Was wondering if anyone had any tricks or advice on how to wean my baby koi's off baby brine and onto flake food? Their mouths are definitely big enough and there fins have elongated and they look like baby angels. I crush the flake food up really small but they just spit it out. Any advice? Thanks!

Laura


----------



## BillD (Jun 5, 2006)

I try and keep them on BBS till they are around a dime to nickel size, around 5 weeks. They will get used to it eventually, but their growth will be curtailed if you switch them too soon, in my experience.


----------



## Chris S (Dec 19, 2007)

Try feeding them both at the same time, mixing the flake or prepared food with the live food.

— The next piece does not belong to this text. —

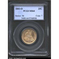 1841-O 25C MS64 PCGS. Lightly toned and surprisingly lustrous for a product from the New Orleans mint. The central details are weakly defined, as usual, but there are no mentionable abrasions on either side of this always sought-after early Seated Quarter. Population: 5 in 64, 0 finer (11/01). Important notice: We expect to be auctioning lots at the rate of 200-250 per hour. Sometimes eBay Premier live bid software cannot keep up with that pace, so we strongly recommend that you place a realistic proxy bid now as insurance to avoid disappointment. Also please note that all Heritage/CAA lots purchased through eBay Premier carry a 20% Buyer's Premium.

Eventually, just cut back on the live food and increase the percentage of prepared.


----------



## Amazongypsy (Oct 21, 2010)

I usually start giving ground up thin flake around 4 weeks, depending on the size/strain of the fry. I give the flake for the first feeding(very small amount)when they are the hungriest and wait 15min then feed BBS. Once a few start eating it the others seem to catch on. By 5 weeks usually they are on the flake, but still get a good feed of BBS everyday. Blacks and dark marbles are smaller and take about an extra week.The flake I use for the babies is a starter/finichy eater flake from 'ultimate sponges' that contains krill and daphnia I believe. Be persistent, they will get it


----------



## laurahmm (Apr 1, 2010)

Hi Amazongypsy, 

Where do you get that food? For finicky eaters from Ultimate Sponges? I'm going to try to grab some and see if they will eat more of the crushed flake foods that I give them. I am feeding mostly baby brine but I dont want them to be conditioned to only eat live foods. Thanks for the advice everyone


----------



## Amazongypsy (Oct 21, 2010)

Here is a link to the site/page. http://business.accesscomm.ca/ultimatesponge/food/flake.html
Their sponge filters ROCK too!!

Sorry, it contains plankton, krill and spirulina-not daphnia I can send you a little to try if you like.
I use golden pearls sometimes 5-50 micron size for the tiny dark babies-they go from live BBS to GP then to flake.
Good luck, your koi are beautiful!


----------